::: Extracted information
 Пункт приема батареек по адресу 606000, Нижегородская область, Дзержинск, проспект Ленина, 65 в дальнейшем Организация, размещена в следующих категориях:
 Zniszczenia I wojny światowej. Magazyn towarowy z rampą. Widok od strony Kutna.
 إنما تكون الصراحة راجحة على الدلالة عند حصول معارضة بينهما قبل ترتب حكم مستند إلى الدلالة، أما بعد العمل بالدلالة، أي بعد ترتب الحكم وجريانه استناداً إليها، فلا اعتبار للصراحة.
::::::
::: Extracted information
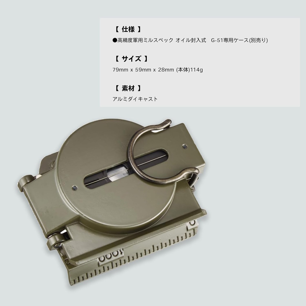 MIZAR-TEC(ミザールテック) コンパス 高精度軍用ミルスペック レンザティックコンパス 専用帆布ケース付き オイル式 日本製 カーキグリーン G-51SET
::::::
Problem to solve ▸ Quote the data above from the line containing "Zniszczenia I wojny" to the line containing "إنما تكون الصراحة", inclusive, and stop.

Output of the exercise ▸
 Zniszczenia I wojny światowej. Magazyn towarowy z rampą. Widok od strony Kutna.
 إنما تكون الصراحة راجحة على الدلالة عند حصول معارضة بينهما قبل ترتب حكم مستند إلى الدلالة، أما بعد العمل بالدلالة، أي بعد ترتب الحكم وجريانه استناداً إليها، فلا اعتبار للصراحة.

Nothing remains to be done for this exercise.